授業内容を真面目にこなすとけっこうハード。宿題も多い。なので、2カ月ぐらい経つと人数がどんどん減っていきます。「遅刻する人」が徐々に増え、次第に「来なくなる人」になっていきます。期の半分が過ぎても毎日来ている人って、何かしらの目的と目標をしっかり持っている人で、実力もしっかりアップしていきます。

そんな中で出会った日本人女性、彼女たちの2人が駐在妻、1人が休職しての自費留学生でした。休み時間に世間話をして、徐々に会話も多くなっていきました。午前と午後にまたぐ授業が同じときは、学食で一緒に昼ご飯を食べたり。

会話の内容は「授業難しかった」「あの宿題まだ全然終わってない」などの嘆き(笑)あとは日本でやってきたことや、ここに来るきっかけなど。「将来の仕事に対する不安」も自然とお互いが口にしていて、「あ、これに悩むことって、全然変なことじゃなかったんだ」と思えた瞬間でした。

何かを求めてたどり着いた場所で、同じものに毎日取り組む。目的や目標は人それぞれでも、そういう場というのは「同じような人」が集まるのです。

それが私はたまたま「中国語」だっただけで、他のものでも同じことが言えると思います。

そこで懸命に取り組むものがあれば、それが各々の軸となる。その軸が似ていれば自然と「共感」になっていく。

まずは自分が何かに向かって懸命に走ること。その場所を見つけることができれば、ある日、横にも走っている人がいることに気が付きます。そして、走っている方向ってだいたい同じ方向なのです。

だから今ある不安も、未来への希望も、素直に語れる。

自分の過去もつながりも何もない世界に降り立った私たち。まずは自分がコアとなる部分を見出すこと。そして行動に移すこと。そうすると、そこに「友達」という仲間が待っているのです。

帯同先で見つけるのが難しい理由

日本では当たり前のように自分の周りに存在していた「同じ感覚を持つ人」。帯同先ではそんな人と出会う確率が一気に下がります。

なぜだと思いますか?

この場所で出会う人とは、そもそも共通項が極端に少ないからです。

皆無といっても過言ではないでしょう。

今までの人生、実はこの部分はあまり悩まずに進めることができていました。

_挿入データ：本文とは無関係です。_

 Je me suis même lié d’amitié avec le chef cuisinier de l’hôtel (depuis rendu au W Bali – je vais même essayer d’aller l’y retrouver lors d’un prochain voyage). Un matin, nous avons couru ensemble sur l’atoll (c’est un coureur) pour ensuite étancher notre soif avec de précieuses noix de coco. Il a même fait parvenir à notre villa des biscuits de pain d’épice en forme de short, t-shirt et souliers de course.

なぜでしょうか?

例えば大学。

出身地も違う、やってきた部活も違う、もちろん性格も違う。けれども「その学部」を目指してきたということは、そこに大きな共通項があるのです。将来の夢の方向が何となく似ていたり、性格は合わなくても「語れるもの」は同じだったり。

そして仕事。

これも分かりやすいですね。年齢も立場もバラバラの人たちが一緒に働いて、切磋琢磨して、たまに飲みに行って。もちろん気が合わない人も出てきます。しかし、色々な考え方がある中でも互いに共感できるのは、「その会社を選んだ」という大きな共通項があるからです。

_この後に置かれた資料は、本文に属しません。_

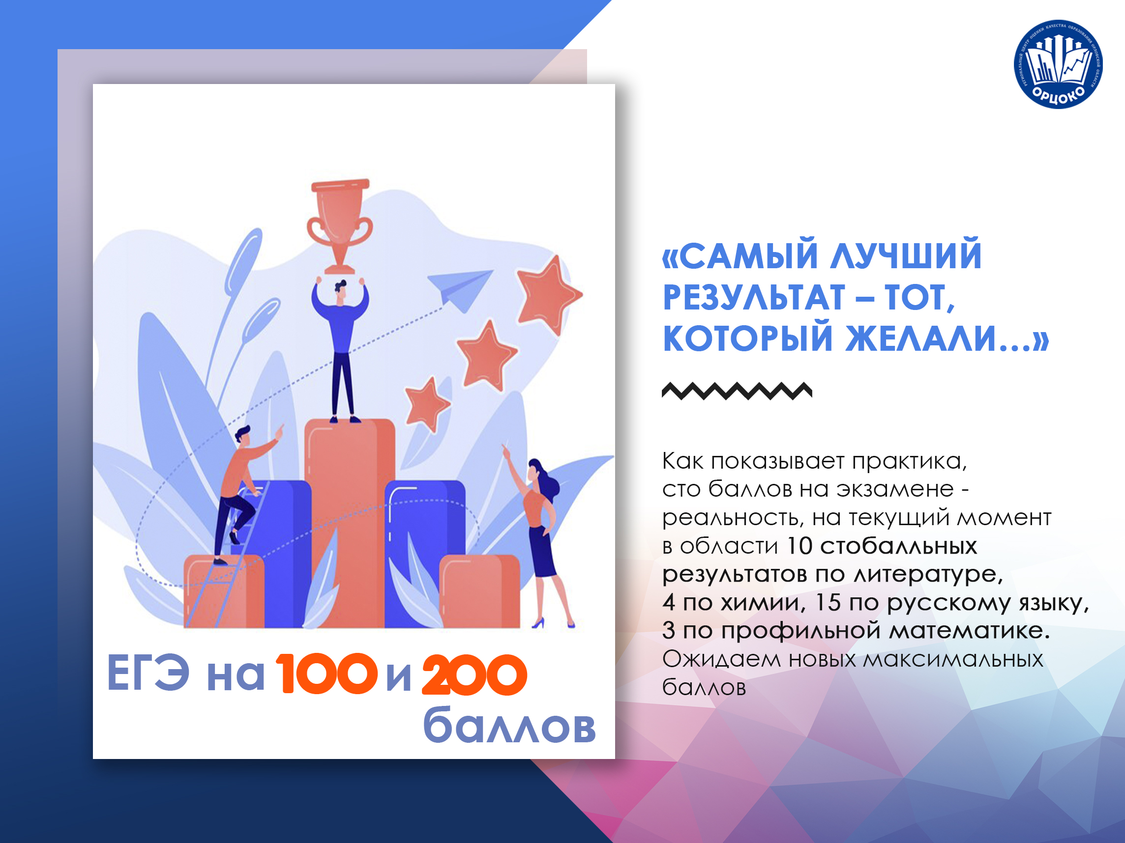 Как показывает практика, сто баллов на экзамене — реальность, на текущий момент в области 10 стобалльных результатов по литературе, 4 по химии, 15 по русскому языку, 3 по профильной математике. Ожидаем новых максимальных баллов.

私は前職が食品メーカーなのですが、なんだかんだ言ってやはりみんな食べることは大好きでしたし、アプローチの仕方は違っても、「食」に対して何かしらの興味や情熱がありました。

今までの人生、スタートの時点で「共通項フィルタ」がかかっていて、似たような人が集まっている中からの「出会い」だったのです。そりゃ溶け込むのも早いですし、ある意味で自分にとって居心地のよい人ばかりになりますね。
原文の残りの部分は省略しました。